1割増し、2割増しの簡単に達成できる目標ではなく、その時点では達成できないような目標にチャレンジ
するのです。達成できるかどうかわからない高い目標に挑むとき、人は初めて自分の能力の不足に気づきます。
高い次元にチャレンジし続ける人は、それゆえに謙虚になるのです。  

スポーツ選手でもオリンピックを目指しているような人は、自分の限界に挑戦しています。
だから謙虚な選手が多いのです。一方、目標が低い人は自分の限界に挑戦していないので、過信して井の中の
蛙と化し、傲慢になっている場合があります。謙虚さを身につけるためにも、高い目標を持つことが必要なのです。

 

■自分を知り、自分を深く掘る  

さて、サーバントリーダーになる出発点があります。それは、「自分は何者か」「本当の自分はどういう人間か」
「自分はどういう存在でありたいのか」を問うことです。自問自答する必要があるのです。  

しかし、私たちは日々目の前のことに追われて、じっくり内省していません。新しい知識や技術を習得するためには
時間を割くのに、内省に時間を割こうとはしません。ですが、昔から日本では本当に優れたリーダーは、
座禅を組んだり内観をしたり瞑想をすることで、内省に取り組んできました。  

自分を深く掘る作業は辛く、時間のかかる仕事です。自分を深く掘った先に出会える「本当の自分」とは
何なのでしょうか。それは「使命」を背負った自分だと思います。 「使命」の意味を辞書でひいてみると、
「与えられた重大な務め。責任をもって果たさなければならない任務」とあります。使命とは必ずしも自分が
望んだものではないのです。第三者がリーダーに託したものなのです。つまり「使命」に生きるとは
「人に奉仕する」ことに他なりません。  

リーダーが歩み始める時にはある「想い」が起こり、それが強烈なものとなり「野心」となります。
リーダーは社会でもまれるうちに「自分の不完全さ」を学び、「謙虚さ」を獲得していきます。
またさまざまな人とのかかわりの中で「愛」を知り、いろいろな人のお蔭で生きている自分を知り、
「つながりの世界観」を身につけていきます。
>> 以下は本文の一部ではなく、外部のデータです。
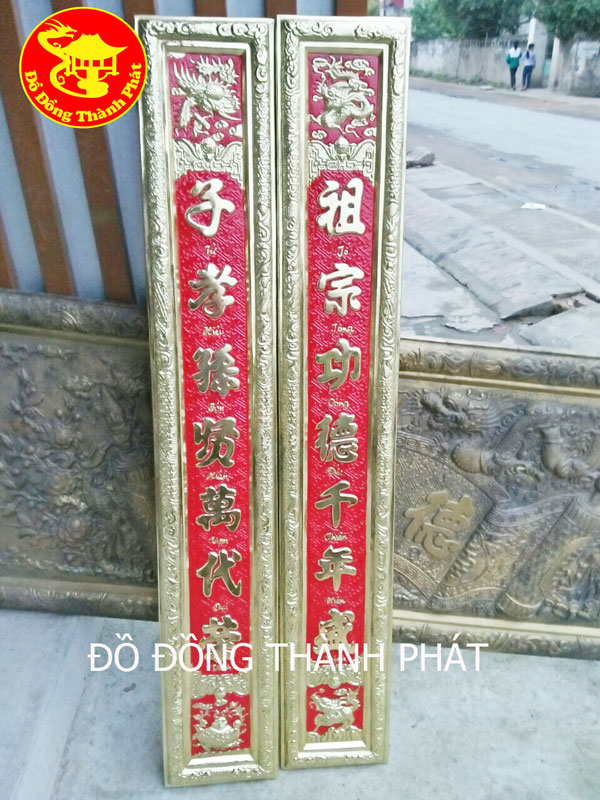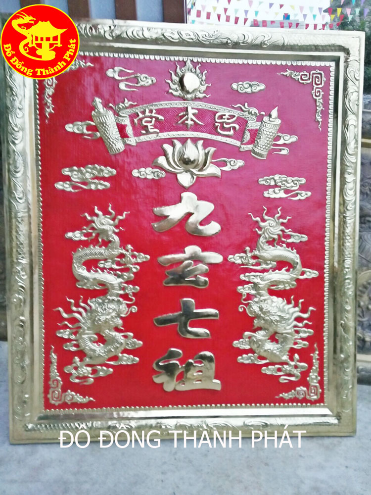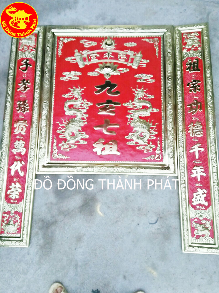 Bộ Cửu Huyền Thất Tổ Chữ Hán Nôm Đi Cùng Với Đôi Câu Đối Bằng Đồng Vàng Hàng Mỹ Kí Đẹp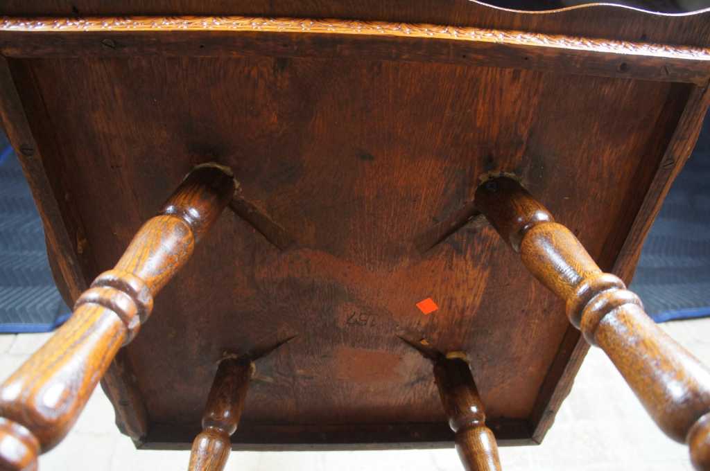 Very good overall; some marking and distressing to top and shelf; some rings; joints reinforced and reglued at some point.

こうやってサーバントハートを磨いていくのです。
修羅場や試練を通して、「自分とは何者か?」「何を大切にしているのか?」を問い続け、
「自分にはこれしかない」「これで人生を全うしていこう」という使命を持った「本当の自分」に
出会うのだと思います。  

リーダーはこうやって試練の中で使命を発見するのです。使命は自分勝手に決めたものではなく、
天から与えられたものです。ここでいう天とは、社会や世の中から与えられたものだと解釈してもよいと
思います。  

世界がますます複雑になり、相互依存の関係になる現代において、リーダーが自分のことだけ、
自分の組織のことだけを考えていては、結局のところ自分の組織も自分も行き詰まってしまいます。
今こそリーダーの在り方を再構築し、相手のことも考え、下から支えるリーダー、すなわちサーバントリーダーに
成長することこそ歴史の必然だと私は感じています。